Although health is politically devolved, we believe that there are major benefits for all citizens if we could create systems that span the United Kingdom. Indeed the outcomes for asthma should be the same in Manchester, Motherwell, or even Melbourne and Manitoba. Variation in the provision of asthma services and non-compliance with the best available guidelines increases the potential for poor clinical outcomes and waste or resources. For example, it has been estimated that anywhere between 50 and 70% of asthma medications are wasted through lack of effective inhaler technique, putting more pressure on our emergency hospital services. The cost of asthma to the NHS is estimated to be between £1-1.5 billion, but does not exist as a budget that could be deployed as a national asthma service. The benefits of a systems approach are obvious to reduce this massive degree of unwarranted variation – simply by applying the knowledge that we have in a systematic fashion will save lives and money.
We call on the leaders of our NHS to work together to explore the benefits of this integrating approach to improving the delivery of health.
The roll-out of the vaccine demonstrated how a UK wide system and a local delivery plan can combine to provide high quality and equitable outcomes for communities across the country. Few people have had cause to complain either about the standard of service, or about some parts of the country receiving their vaccine later than others.
In real-time, we have seen how it can work.

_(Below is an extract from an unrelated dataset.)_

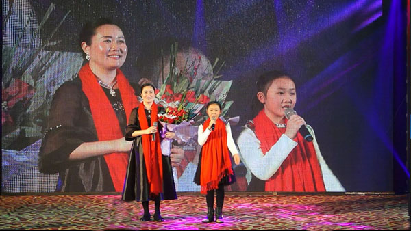 龔建華副總經(jīng)理和其女兒合唱《五星紅旗》

A new integrated approach for many other diseases and symptoms should now be considered by the four nations of the UK to ensure greater quality of healthcare for all.
About the Authors
Sir John Armstrong Muir Gray CBE FRCPSGlas FCLIP is a British physician, who has held senior positions in screening, public health, information management. and value in healthcare. He is currently the Chief Knowledge Officer for EXi, a digital health therapeutic prescribing exercise to people with or at risk of up to 23 long-term health conditions
Professor David James Kerr CBE MA (Oxon) DSc MD FRCP FRCGP FMedSci is a British cancer researcher and clinician who chaired the working group which delivered the ‘Kerr Report’ a 20 year plan for Scotland’s NHS. He is Professor of Cancer Medicine at the University of Oxford.